## Try it
Below, find the line containing "Kastrup Glasværk. Erindringsglas, klart" and the line containing "1970년... 근로기준법을 준수하라"; reproduce exactly those two and every line between them, omitting pictures.

## Materials provided
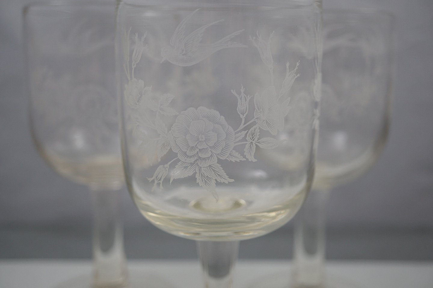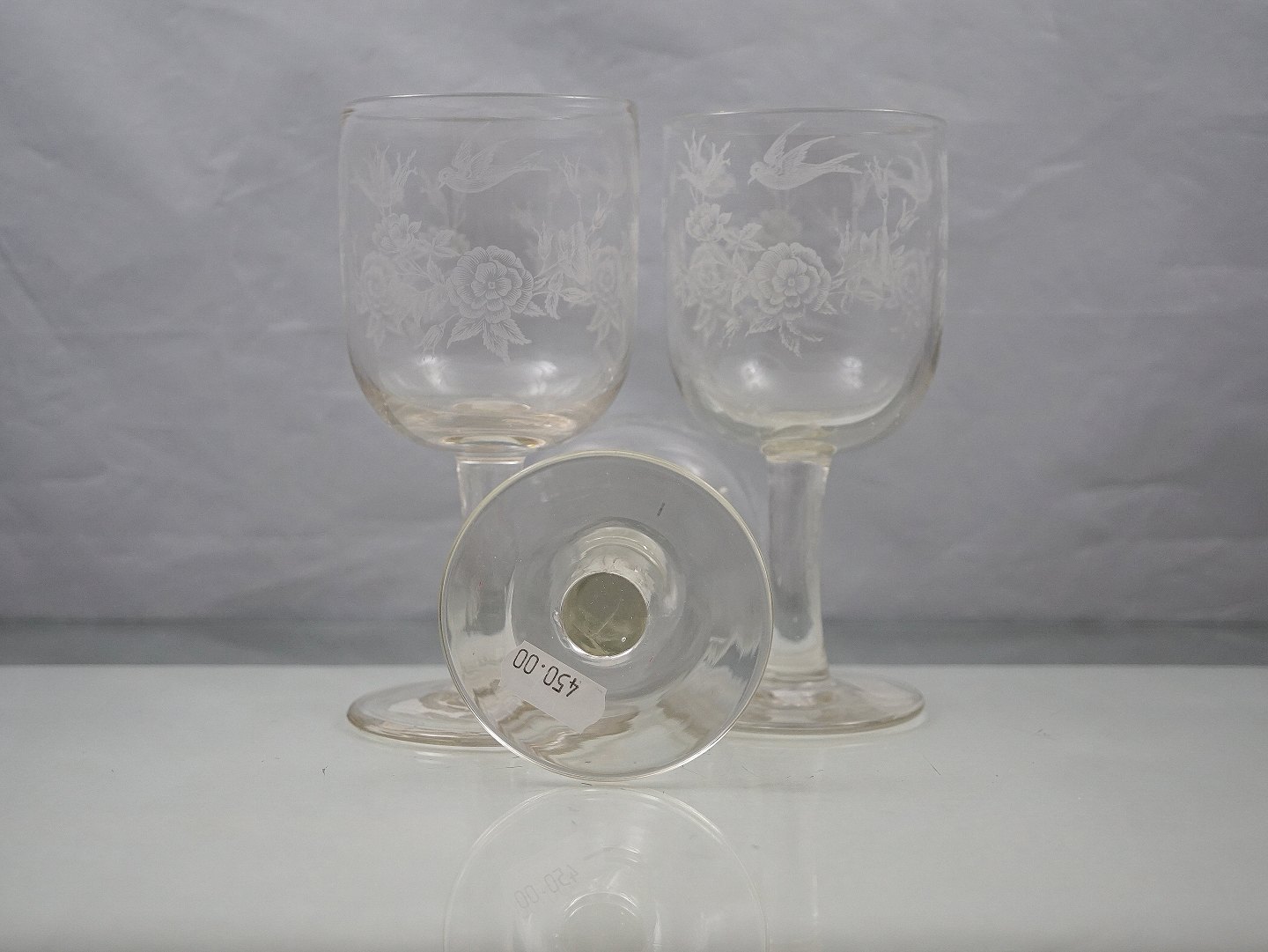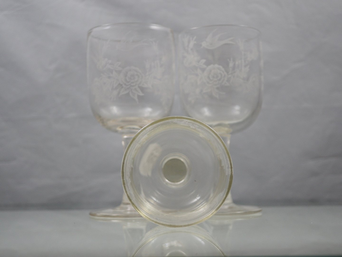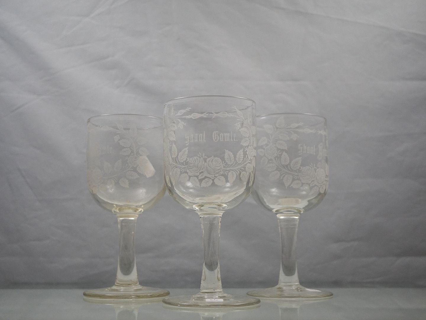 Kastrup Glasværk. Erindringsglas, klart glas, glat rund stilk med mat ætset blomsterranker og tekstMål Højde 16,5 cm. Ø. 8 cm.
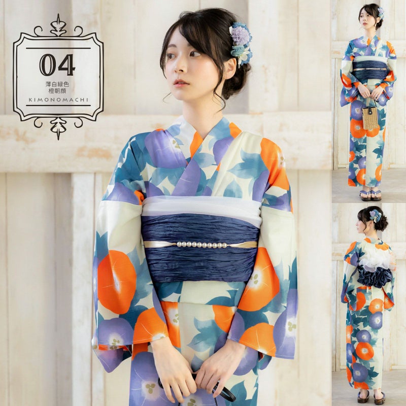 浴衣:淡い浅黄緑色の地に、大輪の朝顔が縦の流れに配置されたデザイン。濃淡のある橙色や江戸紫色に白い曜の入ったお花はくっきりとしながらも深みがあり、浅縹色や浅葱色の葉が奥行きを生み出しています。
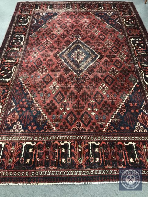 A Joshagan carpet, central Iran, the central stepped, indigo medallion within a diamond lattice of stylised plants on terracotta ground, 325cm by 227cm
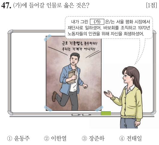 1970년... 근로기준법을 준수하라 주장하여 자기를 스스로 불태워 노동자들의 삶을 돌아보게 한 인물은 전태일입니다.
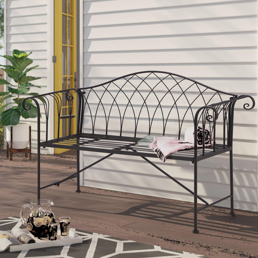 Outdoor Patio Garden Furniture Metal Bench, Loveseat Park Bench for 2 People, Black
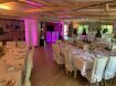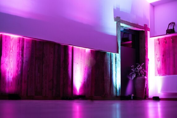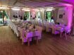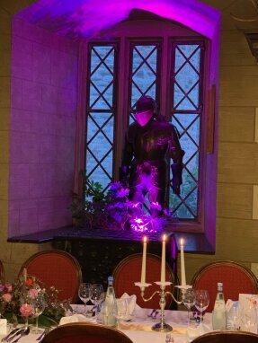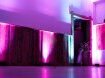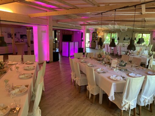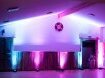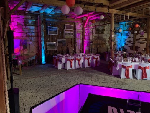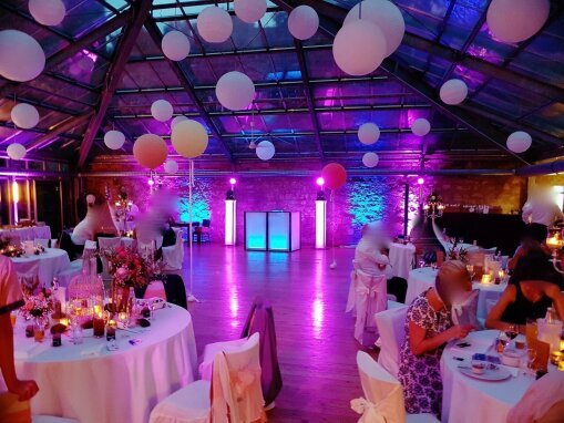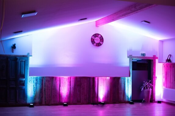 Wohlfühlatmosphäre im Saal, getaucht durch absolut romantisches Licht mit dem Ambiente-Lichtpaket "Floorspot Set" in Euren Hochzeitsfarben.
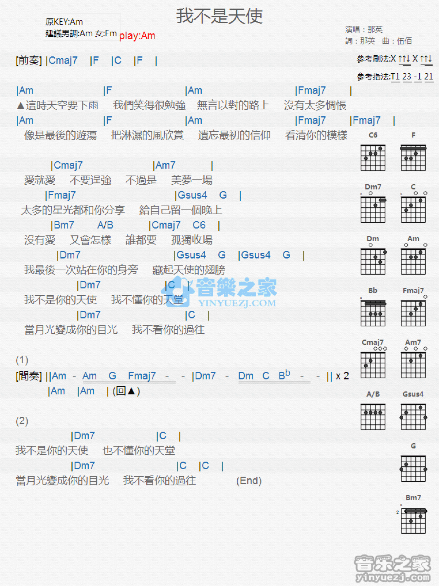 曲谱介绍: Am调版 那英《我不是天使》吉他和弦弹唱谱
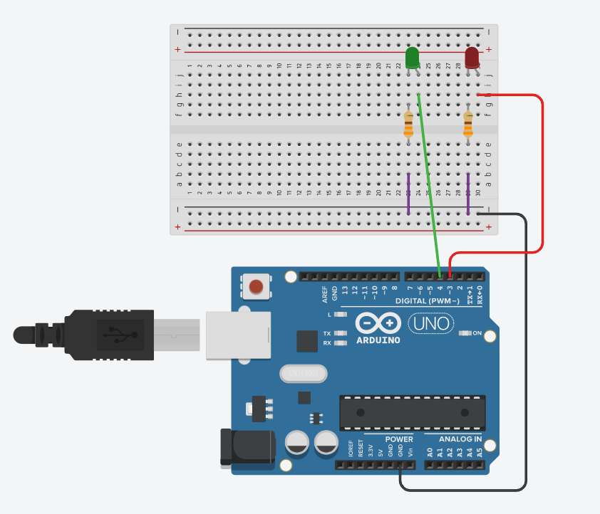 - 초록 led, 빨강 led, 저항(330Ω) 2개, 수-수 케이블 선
* * *
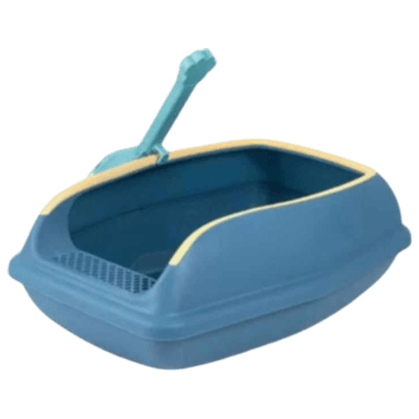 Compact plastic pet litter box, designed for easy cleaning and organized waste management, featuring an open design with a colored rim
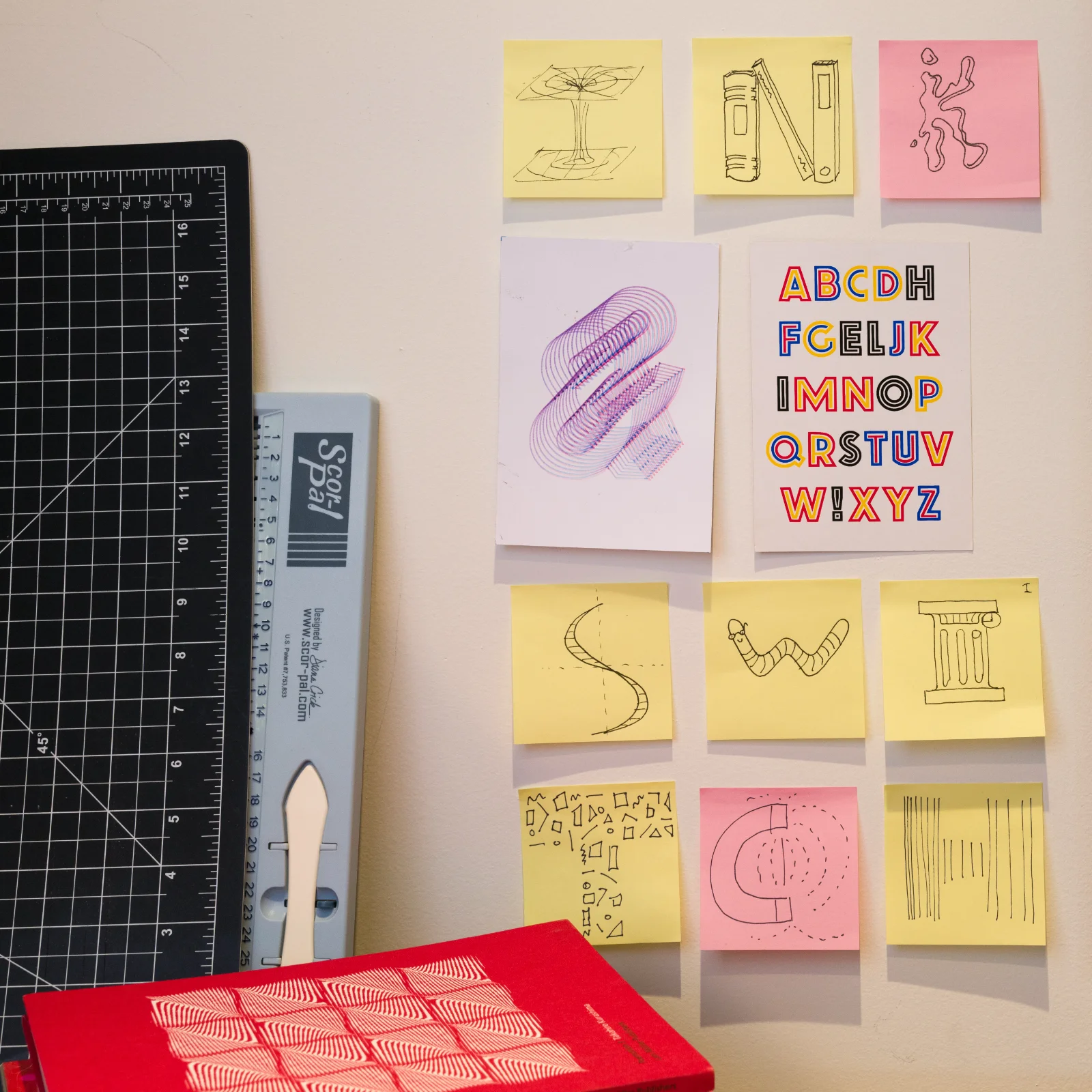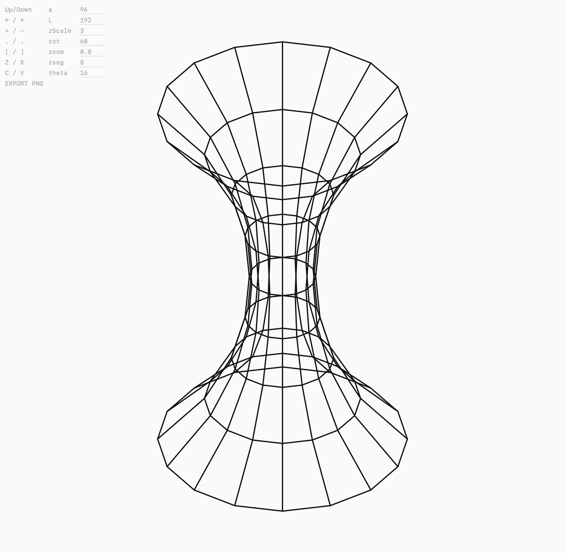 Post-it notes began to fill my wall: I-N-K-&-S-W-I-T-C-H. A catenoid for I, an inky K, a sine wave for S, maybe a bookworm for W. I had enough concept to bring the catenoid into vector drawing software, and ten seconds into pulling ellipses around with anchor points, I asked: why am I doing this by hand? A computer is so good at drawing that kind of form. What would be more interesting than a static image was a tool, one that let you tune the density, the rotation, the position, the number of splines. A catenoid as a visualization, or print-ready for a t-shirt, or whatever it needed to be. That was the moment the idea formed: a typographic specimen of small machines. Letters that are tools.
* * *
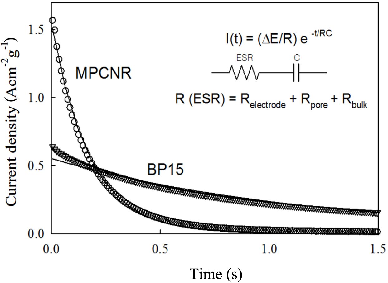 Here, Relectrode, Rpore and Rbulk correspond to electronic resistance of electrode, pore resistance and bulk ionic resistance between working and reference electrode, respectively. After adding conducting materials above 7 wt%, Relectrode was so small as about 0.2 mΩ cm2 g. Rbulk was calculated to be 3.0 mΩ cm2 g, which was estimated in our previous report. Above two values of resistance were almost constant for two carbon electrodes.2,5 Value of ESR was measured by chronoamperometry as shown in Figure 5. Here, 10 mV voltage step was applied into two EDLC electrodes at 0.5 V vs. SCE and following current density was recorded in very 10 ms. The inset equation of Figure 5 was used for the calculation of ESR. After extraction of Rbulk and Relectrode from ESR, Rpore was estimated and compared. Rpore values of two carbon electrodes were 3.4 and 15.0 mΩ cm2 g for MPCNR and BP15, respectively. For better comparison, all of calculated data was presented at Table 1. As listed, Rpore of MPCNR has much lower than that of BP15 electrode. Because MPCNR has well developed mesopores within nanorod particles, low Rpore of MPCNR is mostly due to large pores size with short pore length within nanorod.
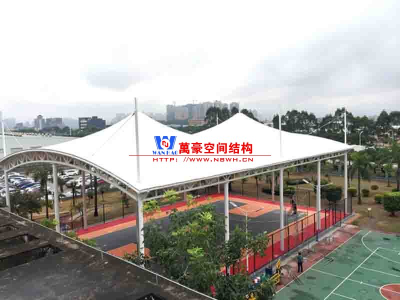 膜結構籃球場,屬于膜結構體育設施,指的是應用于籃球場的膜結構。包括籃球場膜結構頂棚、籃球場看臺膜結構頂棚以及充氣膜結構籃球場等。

## Task solution
 Kastrup Glasværk. Erindringsglas, klart glas, glat rund stilk med mat ætset blomsterranker og tekstMål Højde 16,5 cm. Ø. 8 cm.
 浴衣:淡い浅黄緑色の地に、大輪の朝顔が縦の流れに配置されたデザイン。濃淡のある橙色や江戸紫色に白い曜の入ったお花はくっきりとしながらも深みがあり、浅縹色や浅葱色の葉が奥行きを生み出しています。
 A Joshagan carpet, central Iran, the central stepped, indigo medallion within a diamond lattice of stylised plants on terracotta ground, 325cm by 227cm
 1970년... 근로기준법을 준수하라 주장하여 자기를 스스로 불태워 노동자들의 삶을 돌아보게 한 인물은 전태일입니다.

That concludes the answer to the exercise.